OK lets see if we can find a replacement for the bad file. There will be just one log this time

[*]Run OTL. Make sure all other windows are closed and to let it run uninterrupted.
[*]Select All Users
[*]Under the Custom Scan box paste this in
netsvcs
%SYSTEMDRIVE%*.exe
/md5start
int15.*
/md5stop
CREATERESTOREPOINT

[*]Click the Quick Scan button. Do not change any settings unless otherwise told to do so. The scan wont take long.
[*]When the scan completes, it will open two notepad windows. OTL.Txt and Extras.Txt. These are saved in the same location as OTL.
[*]Post both logs

thanks for your continued help with this. :slight_smile:

please the log attached.

Not a problem, I do not like to be beaten ;D

On completion could you re-run aswMBR please and post the log

Warning This fix is only relevant for this system and no other, using on another computer may cause problems

Be advised that when the fix commences it will shut down all running processes and you may lose the desktop and icons, they will return on reboot

If you have Malwarebytes 1.6 or better installed please disable it for the duration of this run
To disable MBAM
Open the scanner and select the protection tab
Remove the tick from “Start with Windows”
Reboot and then run OTL

http://i1224.photobucket.com/albums/ee362/Essexboy3/mbamstop.jpg

Run OTL

[*]Under the Custom Scans/Fixes box at the bottom, paste in the following

:Commands [CREATERESTOREPOINT]

:Files
C:\Windows\System32\drivers\int15.sys|C:\Acer\Empowering Technology\eRecovery\int15.sys /replace

:Commands
[emptytemp]
[Reboot]


[*]Then click the Run Fix button at the top
[*]Let the program run unhindered, reboot the PC when it is done
[*]Open OTL again and click the Quick Scan button.

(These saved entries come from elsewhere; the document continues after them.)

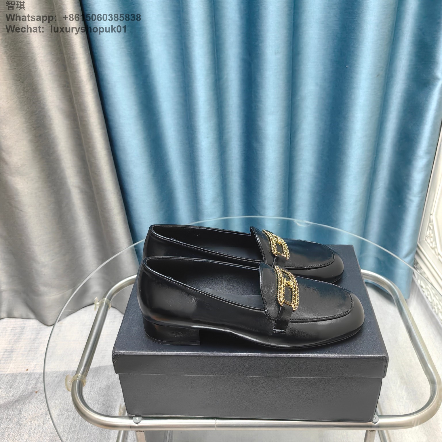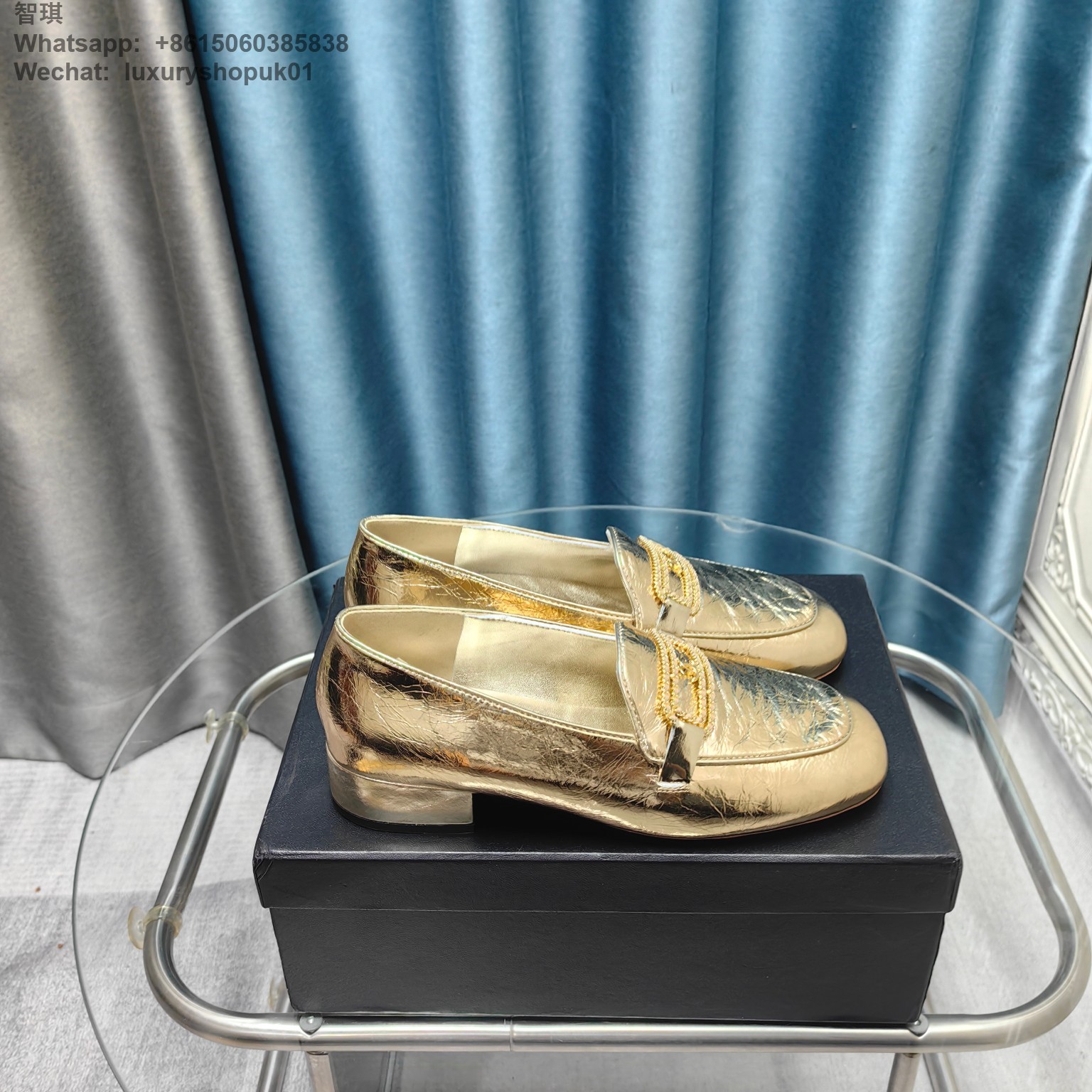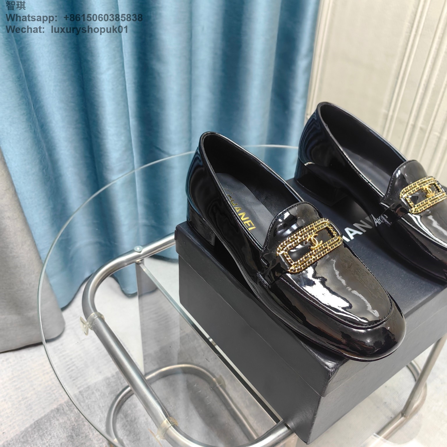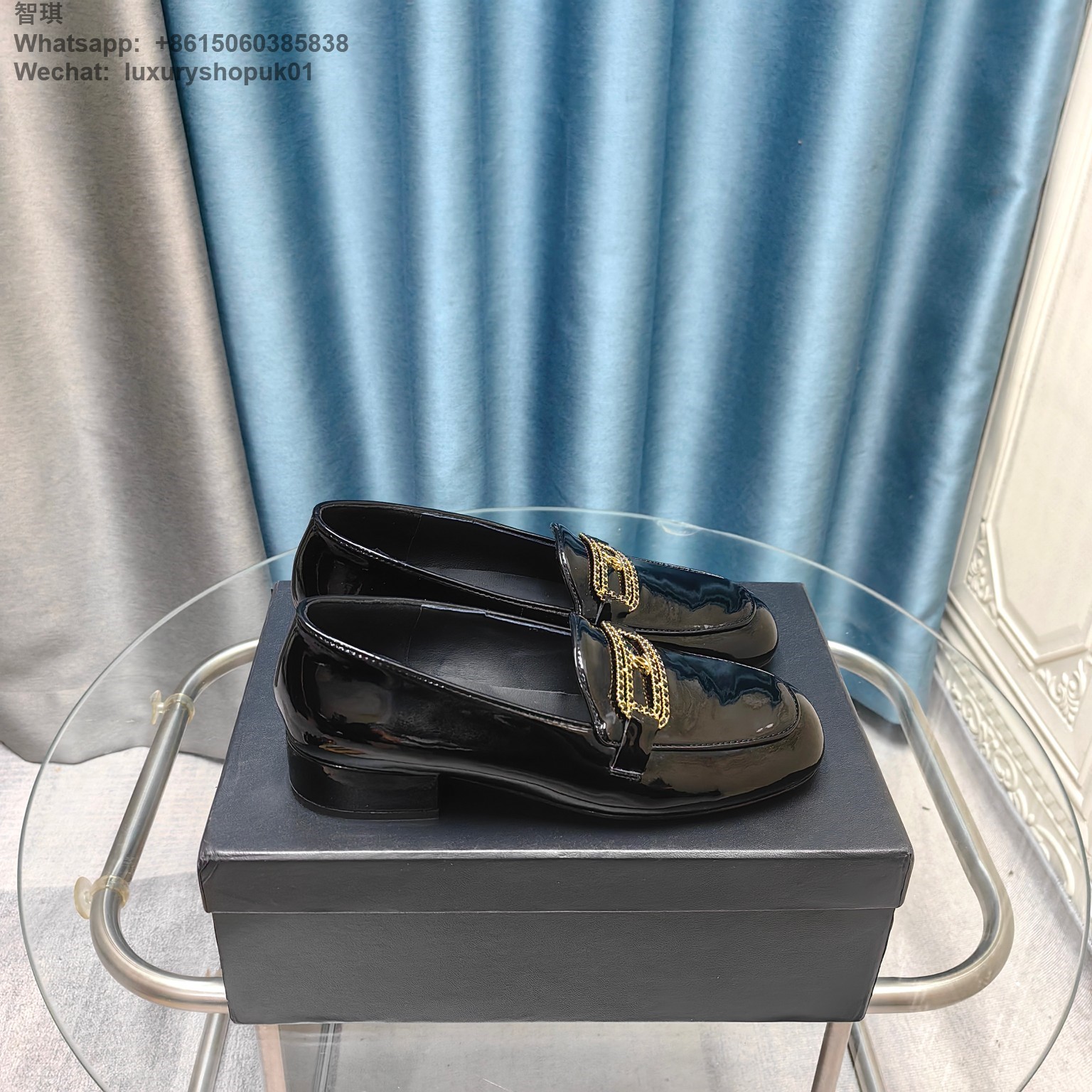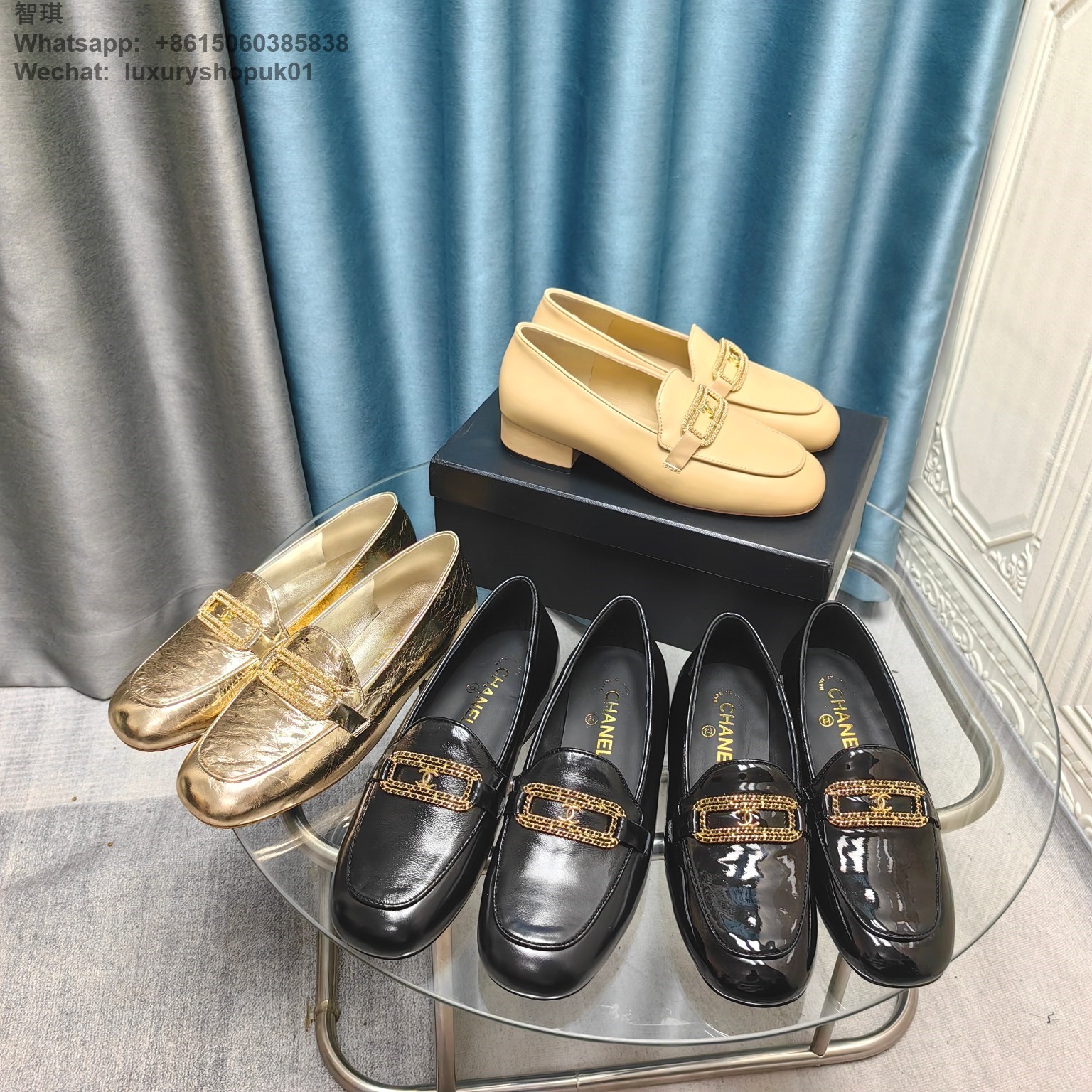Women Chanel Chain Loafers Patent Leather CC Logo Flats Shoes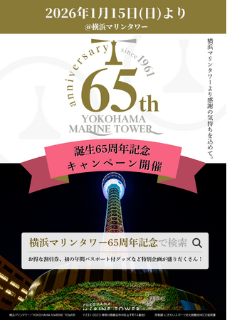 総合不動産企業リスト株式会社(本社:横浜市、代表:北見尚之)グループのリストプロパティーズ株式会社(本社:横浜市、代表:北見尚之)を中心とした共同事業体が運営を行う「横浜マリンタワー」は、2026年1月15日(木)で65周年を迎えます。日頃のご愛顧への御礼として、皆さまにお楽しみいただける特別企画を実施いたします。これからも地域に愛されるシンボルとして、皆さまとともに歩み、新たな魅力を育み続ける場所を目指してまいります。そして、新しい横浜の魅力をこの場所から発信し続けてまいります。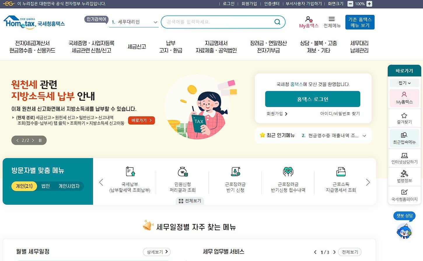 자, 먼저 국세청 홈택스 홈페이지에 접속합니다.
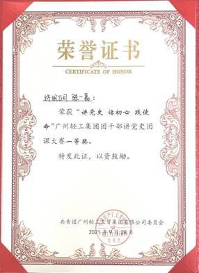 9月28日,“讲党史 话初心 践使命” 广州轻工集团团干部讲党史团课大赛在虎头公司举行。玩彩网·「中国区」官方网站 团委派出国贸部团支部宣传委员陈一嘉参赛,她所讲授的课程《人民音乐家——冼星海》在13个参赛单位中脱颖而出,获得了一等奖的好成绩。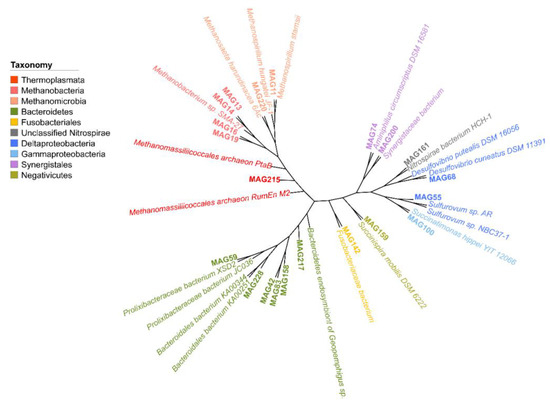 A detailed overview of the taxonomic classification of the MAGs is provided in Figure 3 and Table 2, in which a taxonomic classification with high confidence was possible to the species level for all the MAGs. In summary, 7 MAGs were attributed to the phylum Euryarchaeota, including 4 for Methanobacterium sp. (MAG13, MAG14, MAG16, and MAG19), 1 for Methanomassiliicoccales archaea (MAG215), 1 for Methanosaeta concilii (MAG220), and 1 for Methanomicrobiales archaea (MAG11). The second most abundant taxonomic MAGs classification was Bacteroidales bacterium, with 4 observed MAGs (MAG158, MAG217, MAG228, and MAG42). Furthermore, Synergistaceae bacterium with only 1 observed MAG (MAG200) belonging to the family Firmicutes was recruited from the metagenomic dataset. The remaining MAGs were mainly affiliated with the Aminiphilus circumscriptus (MAG74), Desulfovibrio desulfuricans (MAG68), Fusobacteriaceae bacterium (MAG142), Nitrospirae bacterium (MAG161), Prolixibacteraceae bacterium (MAG59), Succinispira mobilis (MAG159), and Sulfurovum sp. (MAG55) (Figure 3). The relationships between the MAGs and their closest species with complete genome sequences are shown in Figure 3. Most of the recruited MAGs belonged to Methanogenic archaea. MAG13, MAG14, MAG16, and MAG19 were most familiar with the genome of Methanobacterium sp. SMA-27, for which no information regarding its origin is publicly available. The sequences of MAG215 had high similarity with Methanomassiliicoccales archaeon RumEn M2, which has been reported to be a trimethylamine-utilizing archaea [55]. The closest genome affiliated with MAG11 was Methanospirillum hungatei JF-1, whereas the genome of MAG220 was affiliated with Methanosaeta harundinacea 6Ac. During the degradation of complex organic matter to carbon dioxide and methane in anaerobic environments, M. hungatei uses hydrogen or formate to produce methane, which are produced by other syntrophic microbes [56]. M. harundinacea is an acetate-scavenging methanogen isolated from a upflow anaerobic sludge blanket reactor [57]. A Bacteroidetes endosymbiont of Geopemphigus sp. exhibited the highest relationship with MAG158, MAG217, MAG228, MAG42, and MAG83. Prolixibacteraceae bacterium XSD2, Fusobacteriaceae bacterium, Nitrospirae bacterium HCH-1, and Desulfovibrio cuneatus DSM 11,391 were most similar with the genomes of MAG59, MAG142, MAG161, and MAG68, respectively. D. cuneatus is a psychrotolerant sulfate-reducing bacterium isolated from an oxic freshwater sediment [58]. In addition, MAG55, MAG100, MAG74, MAG200, and MAG159 showed the highest similarity with Sulfurovum sp. NBC37-1, Succinatimonas hippei YIT 12066, Aminiphilus circumscriptus DSM 16,581, Synergistaceae bacterium, and Succinispira mobilis DSM 6222, respectively. Sulfurovum sp. NBC37-1 is a chemolithoautotroph deep-sea Epsilonproteobacteria that obtains energy through mesophilic hydrogen- and sulfur-oxidation [59]. S. hippei YIT 12066T was isolated from human feces, and the growth of S. hippei YIT 12,066 T depends on CO2 or bicarbonate [60]. A. circumscriptus is an anaerobic amino-acid-degrading bacterium from an upflow anaerobic sludge reactor [61], and S. mobilis was proven to be a succinate-decarboxylating anaerobic bacterium in a mixed culture growing with glycolate [62].

Post the log it produces in your next reply.

Hi Essexboy, do you want me to re-run aswMBR after I have run the OTL fix? Just a little bit confused as you instruct to do this ‘on completion’ but post the that instruction 1st, so wanted to make sure when the before going ahead :slight_smile:

Also I only have free MBAM and it appears that Protection tab is only active with the paid for version.